Blessings of the “dark” Virgin of the lake OR Copacabana, where the cars wear lil’ hats.

I’ve spent the past two months in Bolivia and this weekend I was in Copacabana, a beautiful and ancient town on the edge of Lake Titicaca. All Copacabanas that you have heard of are its namesakes. I’m going to skip over the Inka ruins and the strange and pervasive crowned frog sculptures that I don’t quite understand and focus on Virgins, earth goddesses, and cars with hats.

The Virgin of Copacabana

Offerings to the Virgin on Calvary Hill

Offerings to the Virgin on Calvary Hill

The Virgin of Copacabana is Bolivia’s patron saint and it is no mistake that she is found at one of the most holy spots for the Inka (and, perhaps, pre-Inka). Copacabana is, roughly, where the Sun was born and thus was the spiritual base of power for the Inka nobility, the sons of the Sun.

As the story goes in the mid-1500s, there was a storm on Lake Titicaca and fishermen who prayed to the Virgin were saved. They built a shrine to her and an Inka fella (said to be a direct descendant of Inka nobility) named Tito Yupanqui sculpted an image of the Virgin out of clay.

Apparently the local Spanish priest thought the sculpture looked terrible and had it removed. Tito, not letting this setback get to him, moved to Potosí, learned to sculpt for real, and made a new Virgin of Copacabana that conformed to whatever it was that the Spanish priesthood wanted to see in a devotional object. The image is a miracle worker and a basilica sort of grew up around it. It never leaves the church.

I would be remiss if I didn’t mention that in April 2013 the Virgin of Copacabana was brazenly robbed of her gold and silver adornments. This is why I was in Copacabana in the first place.

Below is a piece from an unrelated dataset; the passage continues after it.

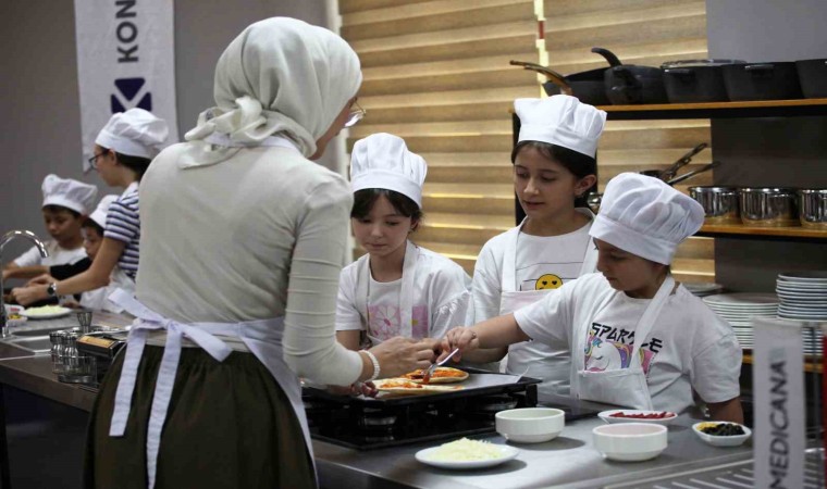 Konya’da çölyak hastası çocuklar aşçı oldu. Çocuklar, çölyak hastalığına uygun glutensiz pizza, kurabiye yaparak doyasıya eğlendi.

Benediction de Movidades: Cars with Hats

Blessed car gear, note the hats!

Blessed car gear, note the hats!

Because the Virgin of Copacabana is so very holy to Bolivians and Peruvians, vehicles are brought to the church to be blessed by the Virgin (read: a priest with a bucket). The is an elaborate affair and the vehicles are decorated with flowers, garlands, bright coloured paper streamers…and hats. Shiny hats. More on the hats in a moments.

From my observation, important elements of this vehicle blessing are a) the setting off of firecrackers and b) the spraying of the car with beer and confetti. These are really rather important as they link the process with the idea of a cha’lla, a ritual blessing.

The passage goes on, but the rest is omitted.